Supplementary mass spectonomy data to analyse generation of spliced mutant Kras/RAC2 epitopes

Citation

Willimsky, Gerald (2021), Supplementary mass spectonomy data to analyse generation of spliced mutant Kras/RAC2 epitopes, Dryad, Dataset, https://doi.org/10.5061/dryad.jq2bvq88b

Abstract

In vitro proteasome processing of neo-splicetopes does not predict their presentation in vivo

Proteasome catalyzed peptide splicing (PCPS) of cancer-driving antigens could generate attractive neoepitopes to be targeted by TCR-based adoptive T cell therapy.
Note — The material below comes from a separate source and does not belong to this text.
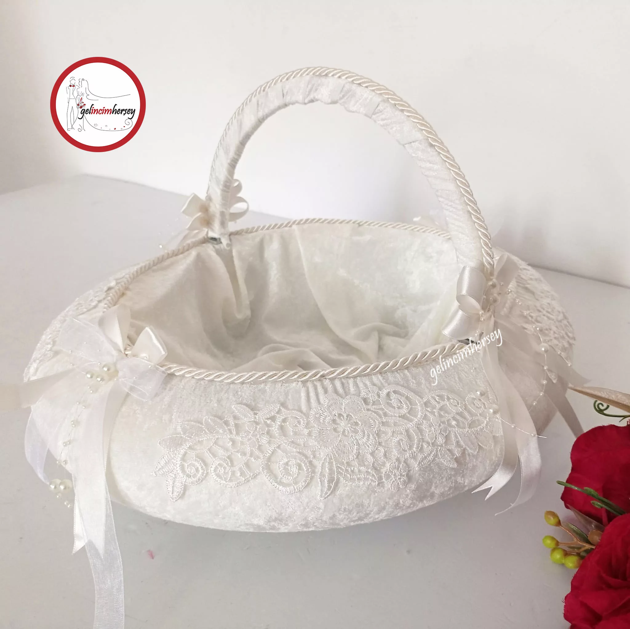 Gelincimherşey Kadife Kaplama Ekru Nikah Şekeri & Hediyelik Sepeti, düğün, nişan, söz ve kına organizasyonlarınızda hem şık hem işlevsel bir tamamlayıcı olarak öne çıkıyor.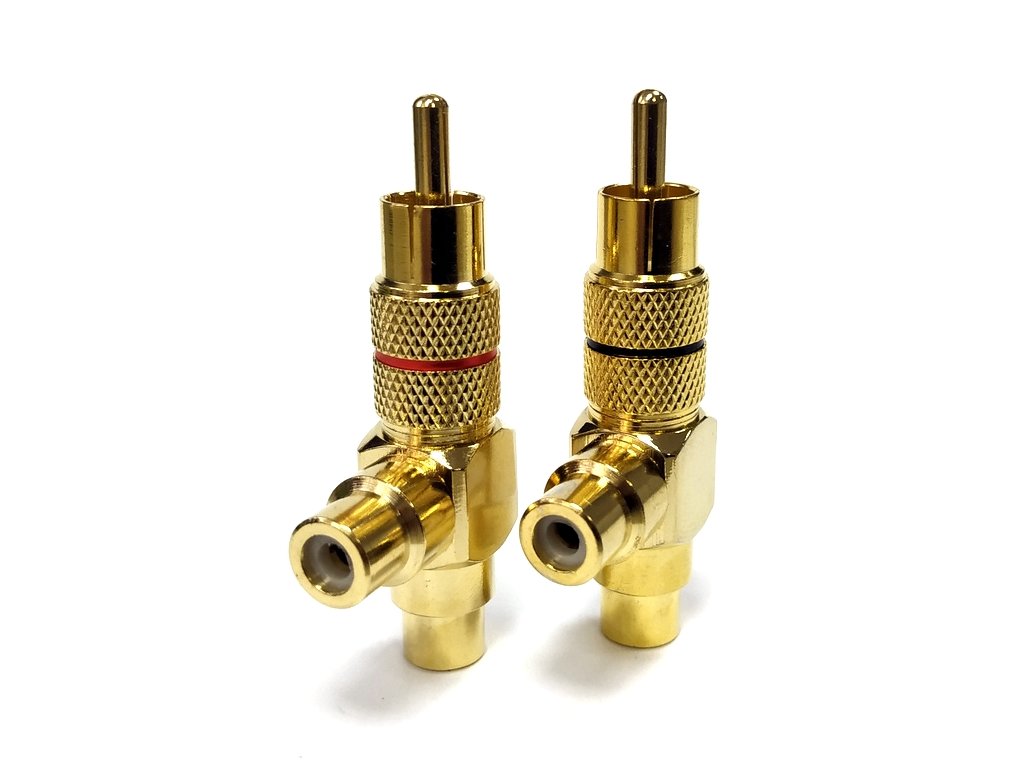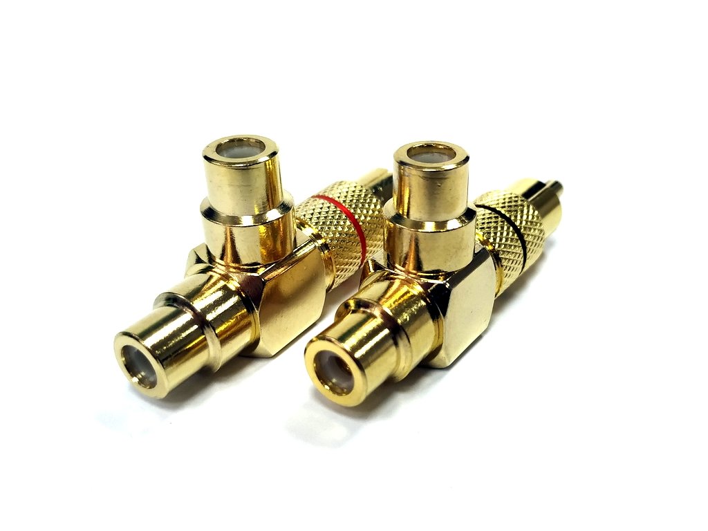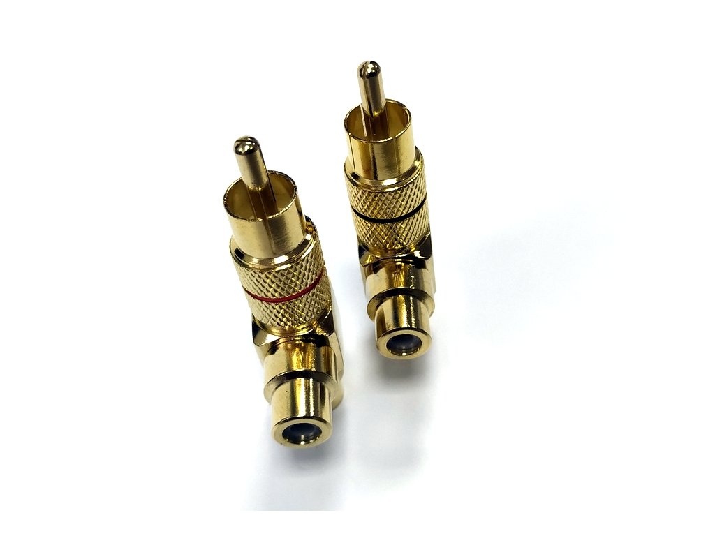 Pravoúhlá cinch RCA redukce / 2x výstup 24K pozlacení 2x výstup Kvalitní provedení Teflonová izolace Barevně rozlišeno: černá a červená Cena za pár (1+1ks)Doplňkové parametry

Based on a spliced peptide prediction algorithm TCRs were generated against putative KRASG12V and RAC2P29L derived neo-splicetopes with high HLA-A*02:01 binding affinity. TCRs generated in mice with a diverse human TCR repertoire specifically recognized the respective target peptides with high efficacy. However, we failed to detect any neo-splicetope specific T cell response when testing the in vivo neo-splicetope generation and obtained no experimental evidence that the putative KRASG12V- and RAC2P29L-derived neo-splicetopes were naturally processed and presented. Furthermore, only the putative RAC2P29L-derived neo-splicetopes was generated by in vitro PCPS.  Our experiments pose severe questions on the notion that available algorithms or the in vitro PCPS reaction reliably simulate in vivo splicing and argue against the general applicability of an algorithm-driven “reverse immunology” pipeline for the identification of cancer-specific neo-splicetopes.